The next elections have become a plebiscite. Costa will face a tough survival test if he does not win an absolute majority after provoking a snap election. His bet, without which he is far from the majority, is the penalization of the parties of the left for their rejection of the budgets, and the failure of the right, now riven by internal disputes for leadership and haunted by pressure from the extreme right.  This is the reason why many moderate voters, despite being dissatisfied, may prefer continuity to alternation.  All these calculations remain to be proven …

As I have already mentioned, a characteristic of the PS government is its subordination to the European rules and regulations.  Even in an exceptional situation, in which the rules of the budgetary agreement are suspended, Portugal is among the last developed countries in terms of public investment in response to the crisis.  And despite having some budgetary margin to move forward this alignment blocks measures unfavourable to big capital whether in the real estate sector, in the privatisation of electricity companies or in private health.

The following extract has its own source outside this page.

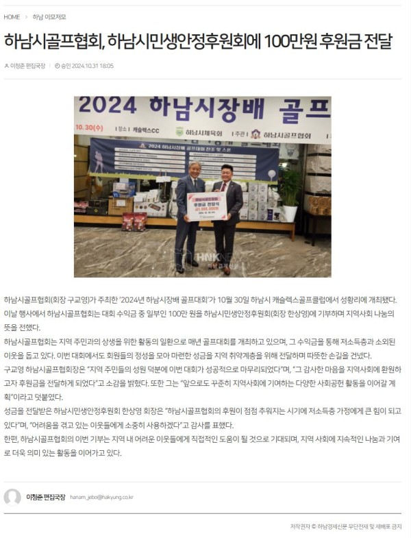 하남시골프협회, 하남시민생안정후원회에 100만원 후원금 전달 게시글 작성정보 작성자 하남시민생안정후원회 작성일 24-11-04 17:57 조회수 326 댓글수 0 목록 게시글 본문 http://www.hakyungnews.co.kr/news/articleView.html?idxno=4824 첨부파일 1개 하남시골프협회 후원금전달100만원.JPG (154.6K) 0회 다운로드 첨부일시 : 2024-11-04 17:57:34 관련링크 1개 http://www.hakyungnews.co.kr/news/articleView.html?idxno=4824 0회 연결 이전글 하남시기업인협의회, 사랑의 김장나눔 24-11-14 다음글 왓썹파닉스, 필리핀 세부 놀이터건립 후원금 전달 24-08-28 댓글 0 등록된 댓글이 없습니다. 목록

I believe that the Portuguese experience brings to the table the complexity of the relationship with the socialist parties in Europe. On the one hand, depending on the situation, they are progressive socio-liberal or neoliberal parties.  On the other, in a context of a rise of the extreme right or consolidation of the traditional right, despite still being immersed in a crisis of a historical nature, they appear as an option for large numbers of people on the left. What kind of relationship do you have with the PS?

The relationship of the Bloco de Esquerda with the PS has always been marked by an intense political conflict.   The Socialist Party is, like the PSD, the main protagonist of the conservative modernisation model that explains the persistent delays in the country, from the privatisation of strategic sectors of the economy to the authorship and consolidation of measures to muzzle workers in the productive process.  Over two decades, this conflict gave way to important convergences (decriminalization of drug use, LGBT rights), but has persisted in key areas of social and financial policies.

If in 2015 the Bloco had mistakenly believed that programmatic conditions existed and had sufficient confidence to put its own ministers in a coalition government, such a government would have lasted only a few weeks: in December 2015, only two months after the elections, the Socialist Party was selling a state-owned bank, Banif, to Banco Santander, with losses of 3 billion euros for the Portuguese state. No leftist minister could approve such a decree.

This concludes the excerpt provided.